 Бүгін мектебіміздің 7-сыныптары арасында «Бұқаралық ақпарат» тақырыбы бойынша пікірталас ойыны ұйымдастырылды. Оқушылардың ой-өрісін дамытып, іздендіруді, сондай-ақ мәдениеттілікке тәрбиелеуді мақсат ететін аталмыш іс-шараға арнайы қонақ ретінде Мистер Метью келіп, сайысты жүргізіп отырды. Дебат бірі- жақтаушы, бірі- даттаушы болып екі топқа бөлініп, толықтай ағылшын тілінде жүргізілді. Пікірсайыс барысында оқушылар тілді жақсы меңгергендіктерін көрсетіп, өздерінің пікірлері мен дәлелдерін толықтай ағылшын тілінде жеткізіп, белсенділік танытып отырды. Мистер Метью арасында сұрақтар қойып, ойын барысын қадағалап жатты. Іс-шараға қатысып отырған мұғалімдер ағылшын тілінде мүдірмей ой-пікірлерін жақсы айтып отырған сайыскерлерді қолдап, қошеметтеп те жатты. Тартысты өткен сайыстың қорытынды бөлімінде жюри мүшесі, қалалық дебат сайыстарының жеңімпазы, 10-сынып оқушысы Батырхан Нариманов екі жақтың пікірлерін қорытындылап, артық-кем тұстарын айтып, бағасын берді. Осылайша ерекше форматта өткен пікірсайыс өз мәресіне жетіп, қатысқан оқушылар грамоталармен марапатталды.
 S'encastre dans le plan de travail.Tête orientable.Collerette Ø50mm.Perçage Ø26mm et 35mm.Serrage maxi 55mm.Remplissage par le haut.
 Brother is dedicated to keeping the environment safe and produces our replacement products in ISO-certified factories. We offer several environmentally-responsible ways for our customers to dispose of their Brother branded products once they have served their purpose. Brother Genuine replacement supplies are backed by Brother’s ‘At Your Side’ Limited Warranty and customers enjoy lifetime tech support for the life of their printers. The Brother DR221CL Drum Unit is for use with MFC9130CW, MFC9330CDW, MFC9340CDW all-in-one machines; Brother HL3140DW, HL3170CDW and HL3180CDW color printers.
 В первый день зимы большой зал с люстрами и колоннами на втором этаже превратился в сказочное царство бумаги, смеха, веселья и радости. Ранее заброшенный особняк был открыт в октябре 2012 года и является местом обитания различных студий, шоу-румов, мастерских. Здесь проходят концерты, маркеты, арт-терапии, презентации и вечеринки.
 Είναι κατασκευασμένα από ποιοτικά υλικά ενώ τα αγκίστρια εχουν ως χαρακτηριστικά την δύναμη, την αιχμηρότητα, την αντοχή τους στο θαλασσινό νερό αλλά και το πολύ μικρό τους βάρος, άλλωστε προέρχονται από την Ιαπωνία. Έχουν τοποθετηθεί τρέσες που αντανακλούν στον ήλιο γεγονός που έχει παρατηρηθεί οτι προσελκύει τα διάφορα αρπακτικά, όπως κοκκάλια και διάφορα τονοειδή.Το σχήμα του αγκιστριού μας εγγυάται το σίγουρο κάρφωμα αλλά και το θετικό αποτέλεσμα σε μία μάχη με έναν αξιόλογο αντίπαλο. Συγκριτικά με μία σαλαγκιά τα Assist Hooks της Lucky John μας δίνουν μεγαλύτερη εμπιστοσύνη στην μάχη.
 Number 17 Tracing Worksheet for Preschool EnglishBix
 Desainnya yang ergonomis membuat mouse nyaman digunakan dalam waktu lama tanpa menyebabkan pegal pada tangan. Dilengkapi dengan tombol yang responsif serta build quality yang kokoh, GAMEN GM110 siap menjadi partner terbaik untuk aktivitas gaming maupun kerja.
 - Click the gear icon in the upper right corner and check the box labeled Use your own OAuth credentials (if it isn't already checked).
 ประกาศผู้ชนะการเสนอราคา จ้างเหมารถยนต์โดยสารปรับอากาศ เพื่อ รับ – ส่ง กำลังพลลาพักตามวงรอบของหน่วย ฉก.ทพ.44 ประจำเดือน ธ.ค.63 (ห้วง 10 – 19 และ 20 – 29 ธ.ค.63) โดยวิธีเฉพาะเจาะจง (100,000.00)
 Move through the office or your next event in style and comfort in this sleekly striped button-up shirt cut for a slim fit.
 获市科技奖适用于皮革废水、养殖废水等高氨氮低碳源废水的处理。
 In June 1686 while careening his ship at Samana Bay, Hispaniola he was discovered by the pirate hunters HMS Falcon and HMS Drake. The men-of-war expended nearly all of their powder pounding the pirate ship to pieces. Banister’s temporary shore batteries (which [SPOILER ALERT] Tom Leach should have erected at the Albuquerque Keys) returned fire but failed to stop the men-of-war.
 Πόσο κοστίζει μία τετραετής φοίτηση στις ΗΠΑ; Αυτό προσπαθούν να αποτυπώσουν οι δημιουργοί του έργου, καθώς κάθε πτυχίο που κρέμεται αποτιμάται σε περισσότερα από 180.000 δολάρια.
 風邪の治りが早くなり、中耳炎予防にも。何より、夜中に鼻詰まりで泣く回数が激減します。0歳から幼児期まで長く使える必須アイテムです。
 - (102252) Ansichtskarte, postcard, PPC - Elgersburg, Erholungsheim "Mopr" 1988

**What the task asks**
Determine which lines above include the word "have", and report those lines in full.

**Finished task**
 Brother is dedicated to keeping the environment safe and produces our replacement products in ISO-certified factories. We offer several environmentally-responsible ways for our customers to dispose of their Brother branded products once they have served their purpose. Brother Genuine replacement supplies are backed by Brother’s ‘At Your Side’ Limited Warranty and customers enjoy lifetime tech support for the life of their printers. The Brother DR221CL Drum Unit is for use with MFC9130CW, MFC9330CDW, MFC9340CDW all-in-one machines; Brother HL3140DW, HL3170CDW and HL3180CDW color printers.
 In June 1686 while careening his ship at Samana Bay, Hispaniola he was discovered by the pirate hunters HMS Falcon and HMS Drake. The men-of-war expended nearly all of their powder pounding the pirate ship to pieces. Banister’s temporary shore batteries (which [SPOILER ALERT] Tom Leach should have erected at the Albuquerque Keys) returned fire but failed to stop the men-of-war.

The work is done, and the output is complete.